Your assignment:
What is wanted is every line below from the one with "Bulky Items; Clean" up to and including the one with "Poster with the", retyped exactly, pictures excluded, nothing else.

Records to use:
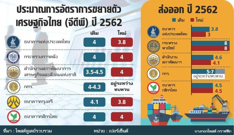 นายทิตนันทิ์ มัลลิกะมาส เลขานุการคณะกรรมการนโยบายการเงิน (กนง.) เปิดเผยว่า กนง.ได้มีมติปรับลดตัวเลขประมาณการขยายตัวของเศรษฐกิจ(จีดีพี) ปี 2562 ลงจาก 4.1% เหลือ 3.8% และเศรษฐกิจปี 2563 คาดว่าจะขยายตัว 3.9% โดยการปรับลดคาดการณ์เศรษฐกิจลงเป็นผลมาจากการส่งออกที่ชะลอตัวลง โดยคาดว่าจะขยายตัวที่ 3% จากเดิม 3.8% อันเป็นผลกระทบจากมาตรการกีดกันทางการค้าระหว่างจีนและสหรัฐ ทำให้เศรษฐกิจโลกขยายตัวลดลง อย่างไรก็ดี กนง.ยังเห็นว่าเศรษฐกิจไทยขยายตัวใกล้เคียงศักยภาพ
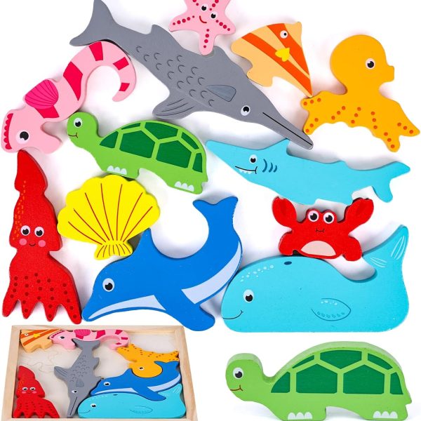 Wooden Sea Animal Stacking Puzzles, Chunky Jigsaw Toys for Kids, Educational Preschool Learning Toys, Toddler Birthday Gifts, 12 PCS
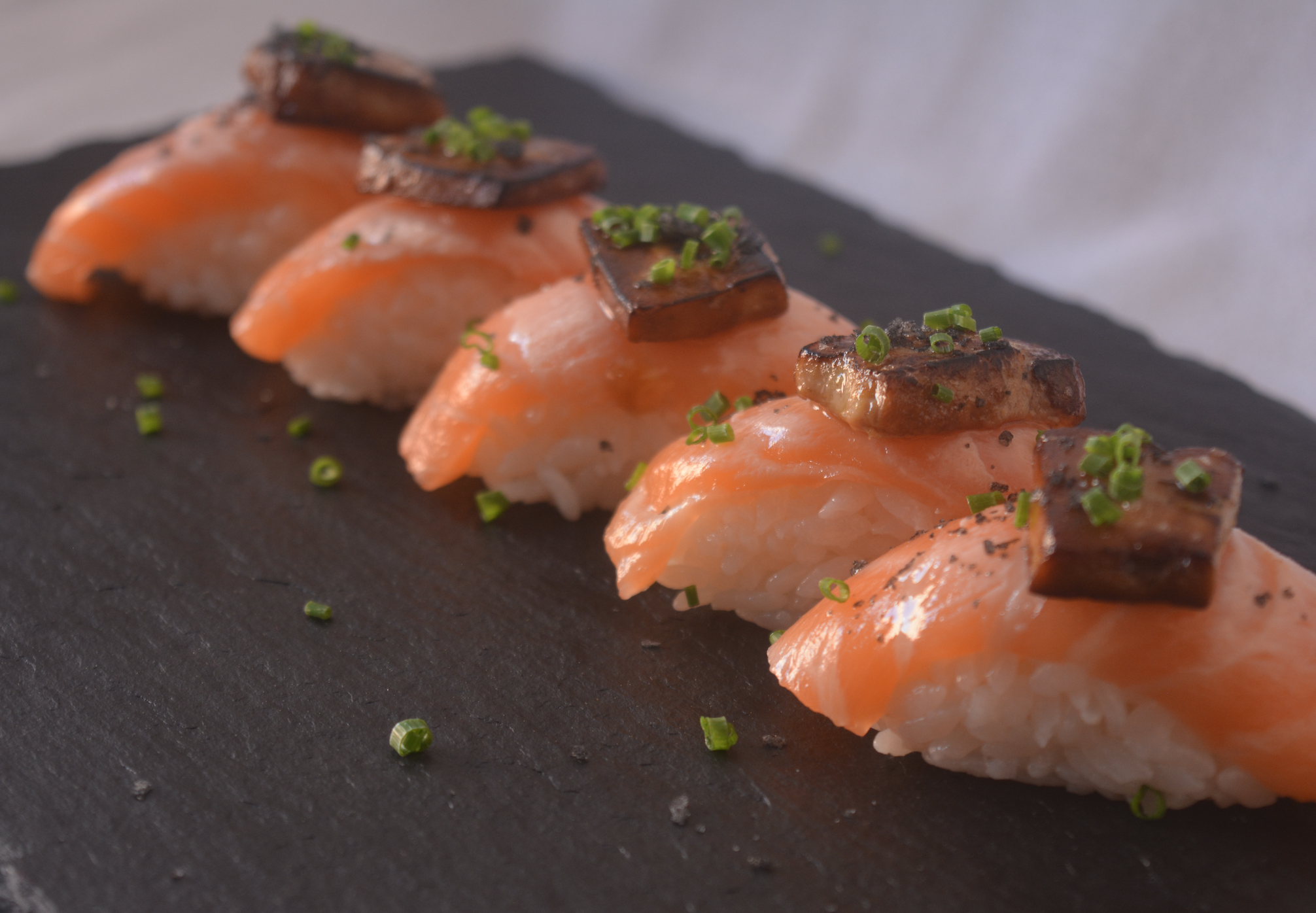 Nigiris de salmó flamejat amb foie
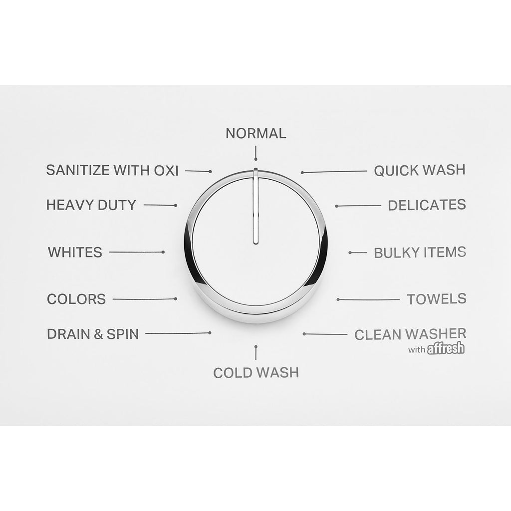 Bulky Items; Clean Washer with affresh; Cold Wash; Colors; Delicates; Drain & Spin; Heavy Duty; Normal; Quick Wash; Sanitize with Oxi; Towels; Whites
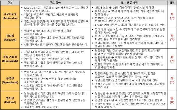 ▲ 인천광역시 남동구을 윤관석 의원 공약 평가 결과(달성가능성/적절성/측정가능성/운영성/합리성) [출처=국가정보전략연구소(iNIS)]
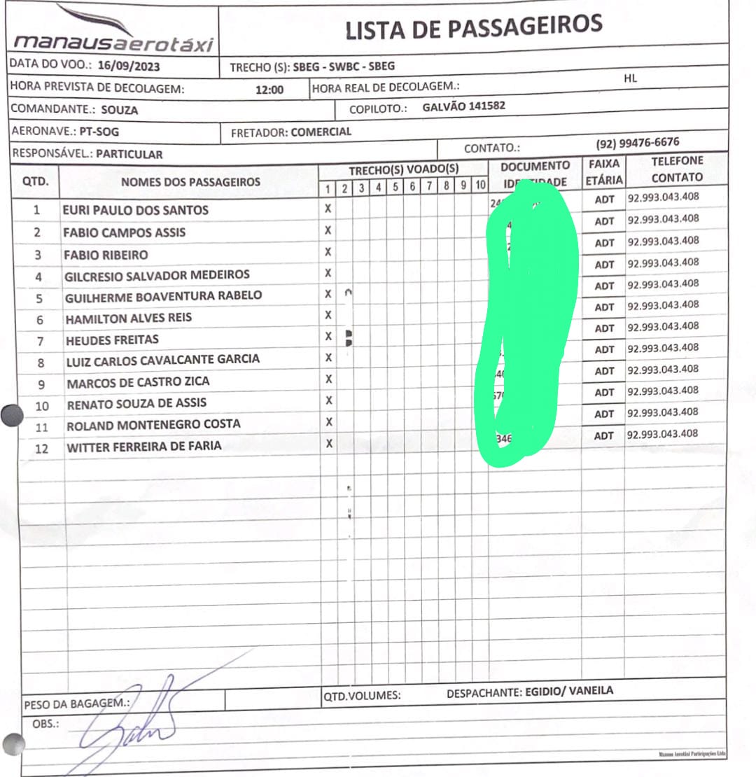 Uma lista repassada pela Defesa Civil mostra o nome das de 12 das 14 pessoas envolvidas no terrível acidente aéreo que ocorreu no município de Barcelos, na tarde deste sábado (16).
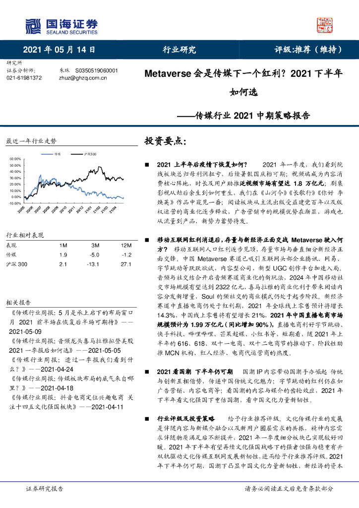 国海证券:传媒行业2021中期策略报告:Metaverse会是传媒下一个红利?2021下半年如何选.pdf
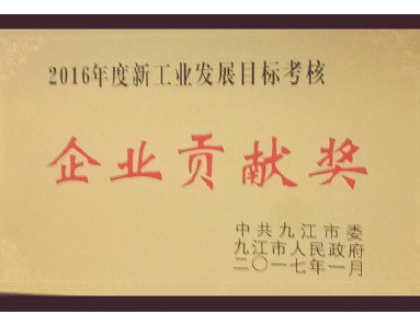 中共九江市委、九江市人民政府聯(lián)合授予“2016年度新工業(yè)發(fā)展目標考核企業(yè)貢獻獎”榮譽
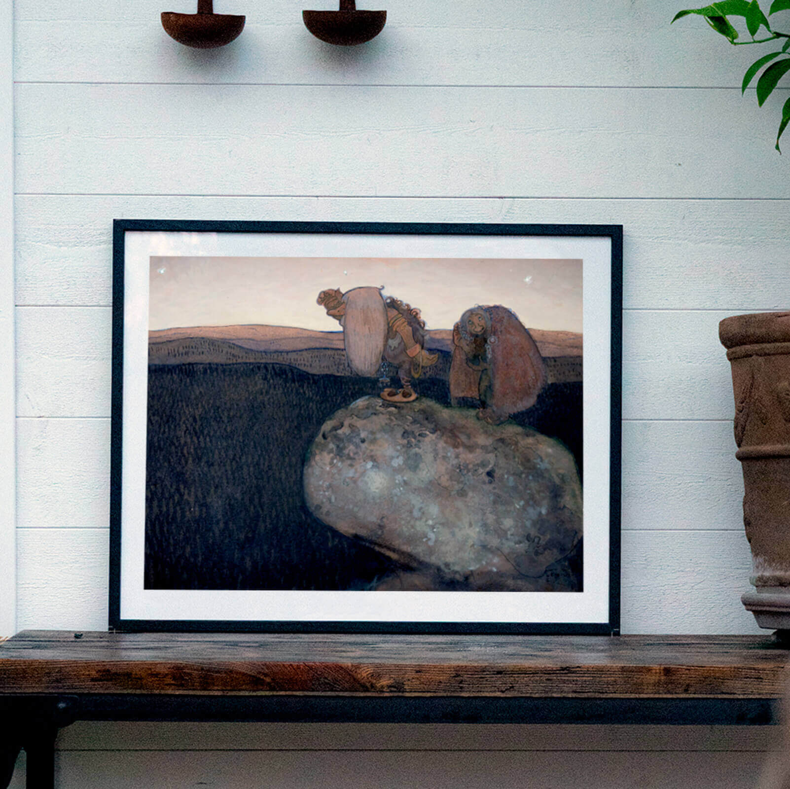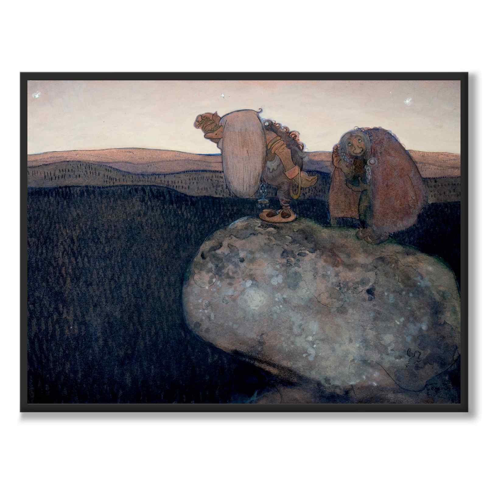 Poster with the painting Trollen i Domberget Stranger Wait by John Bauer from around 1907. The motif shows two trolls looking out over a vast forest landscape at dusk. They listen carefully for sounds from the forest. Who are they looking for? John Bauer is known for his fairy tale motifs with trolls and princesses and he has had a great influence on Swedish folklore and storytelling.
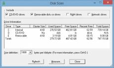 Keywords: disk, drive, folder, file, cluster, size, allocation unit, space DiskSizes 2.0 shows status information about your computer's disks or drives. This information includes drive type, cluster size, used space, free space, percent free, total space, and drive totals. You can select including CD/DVD, removable, RAM (Random Access Memory) and network drives. Files are stored in an integral number of clusters (or allocation units). Disk sizes may be based on powers of 1000 or 1024. When 1000 is selected, a megabyte is a million bytes, a gigabyte is a billion bytes and a terabyte is a trillion bytes. It can also measure a folder's disk use and display the number of subfolders, number of files, sum of the file sizes and total disk use. Hidden and system files may be included or excluded. Total disk use may be relative to the cluster size on any of your computer's drives that has a disk in it. It may also be relative to a selected size or all of the listed sizes. In the last case, this information may be exported to a text file and is useful for determining the range of disk use for a program or other file set. This information may also be useful when you are planning to store or copy many files. DiskSizes requires Windows 98 or Windows NT 4.0 or later and does not contain any adware or spyware. The one-time fee is $4.99.
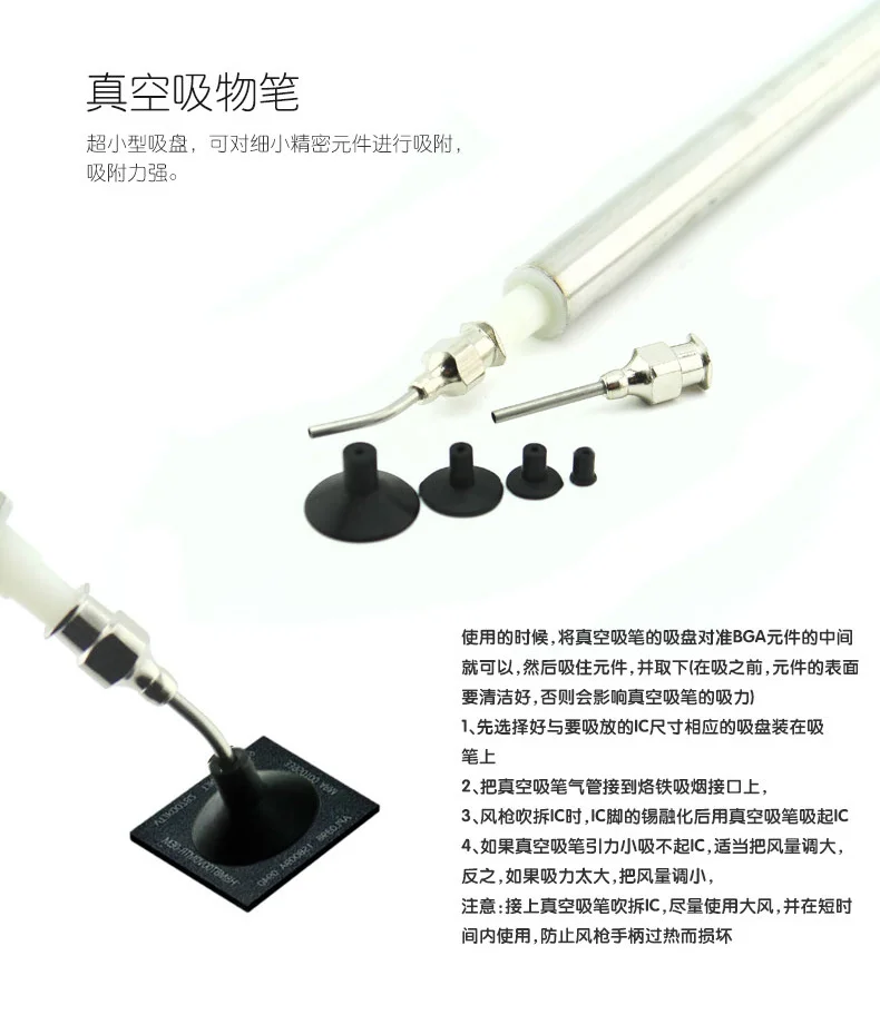 Ультра-маленькая присоска может адсорбировать тонкие и точные компоненты с сильным адсорбирующим силой 1. Выберите размер IC для присоски. 2. Подключите вакуумную всасывающую ручку trachea к интерфейсу для курения паяльника. warningConnect Вакуумная присоска для выдувания IC, используйте сильный ветер, насколько это возможно, и используйте его в короткое время, чтобы предотвратить перегрев и повреждение ручки воздушного пистолета.
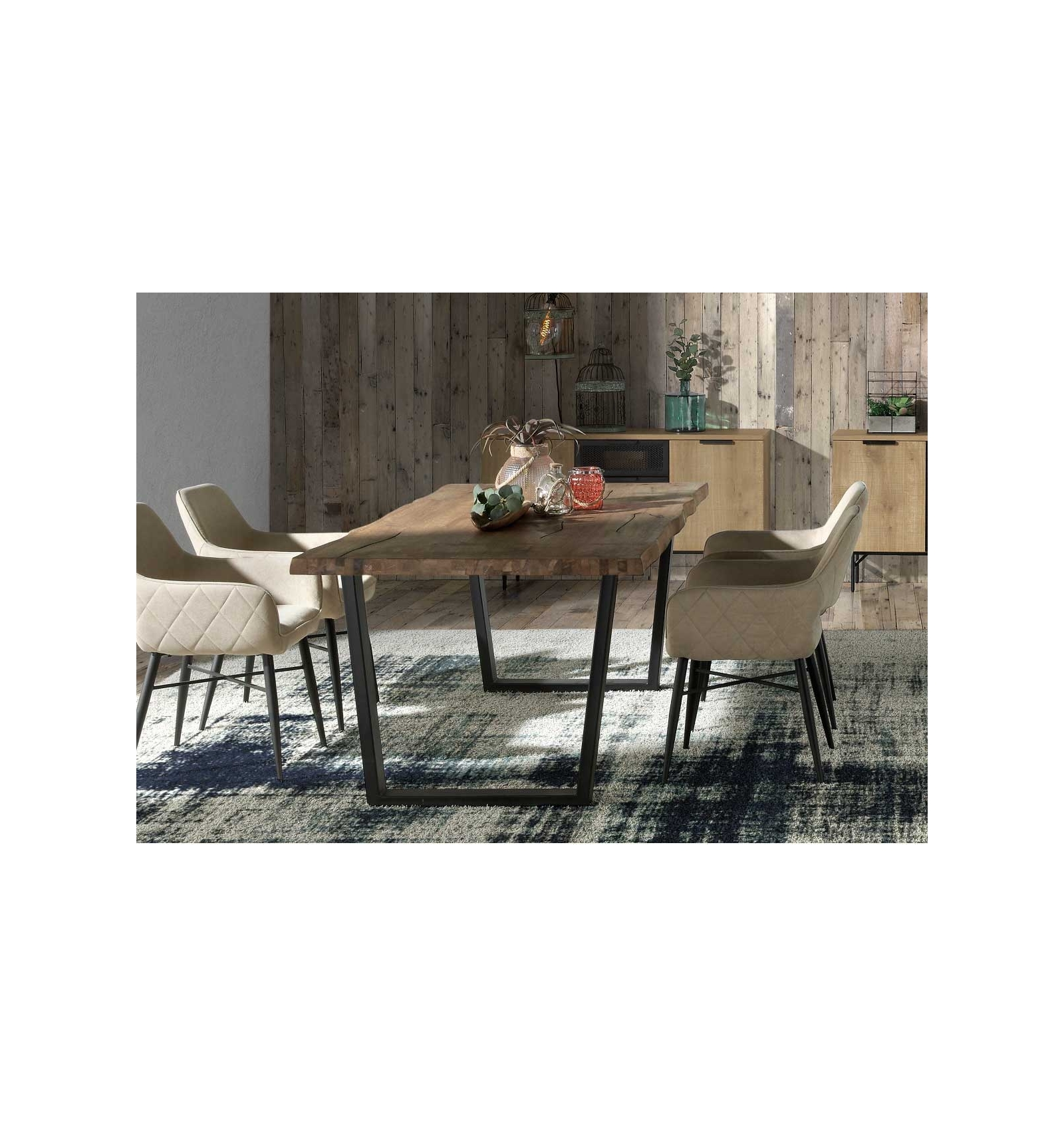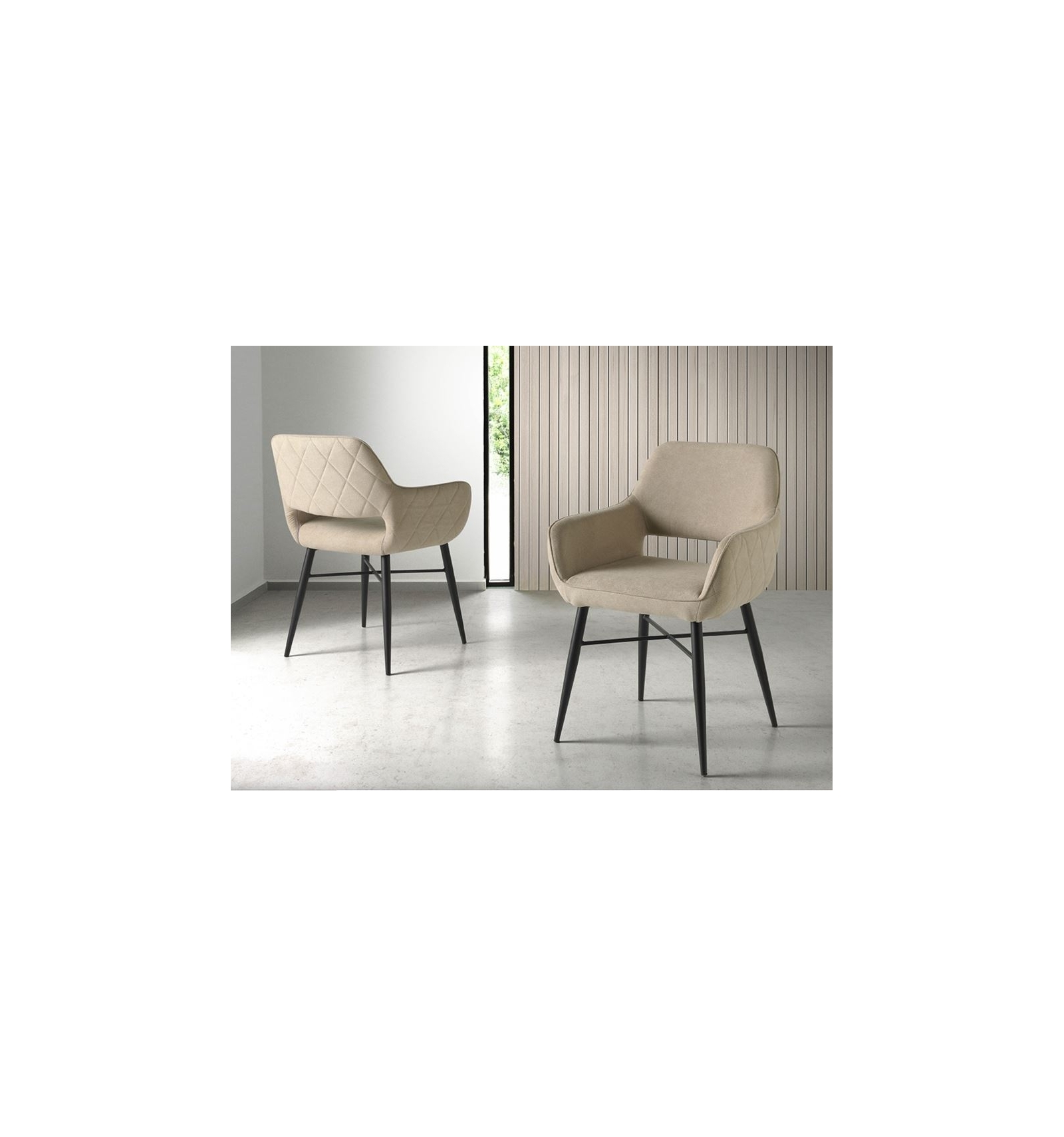 Completa tu mesa de comedor con esta moderna y cómoda silla con reposabrazos en color beige.

Answer section:
 Bulky Items; Clean Washer with affresh; Cold Wash; Colors; Delicates; Drain & Spin; Heavy Duty; Normal; Quick Wash; Sanitize with Oxi; Towels; Whites
 ▲ 인천광역시 남동구을 윤관석 의원 공약 평가 결과(달성가능성/적절성/측정가능성/운영성/합리성) [출처=국가정보전략연구소(iNIS)]
 Uma lista repassada pela Defesa Civil mostra o nome das de 12 das 14 pessoas envolvidas no terrível acidente aéreo que ocorreu no município de Barcelos, na tarde deste sábado (16).
 国海证券:传媒行业2021中期策略报告:Metaverse会是传媒下一个红利?2021下半年如何选.pdf
 中共九江市委、九江市人民政府聯(lián)合授予“2016年度新工業(yè)發(fā)展目標考核企業(yè)貢獻獎”榮譽
 Poster with the painting Trollen i Domberget Stranger Wait by John Bauer from around 1907. The motif shows two trolls looking out over a vast forest landscape at dusk. They listen carefully for sounds from the forest. Who are they looking for? John Bauer is known for his fairy tale motifs with trolls and princesses and he has had a great influence on Swedish folklore and storytelling.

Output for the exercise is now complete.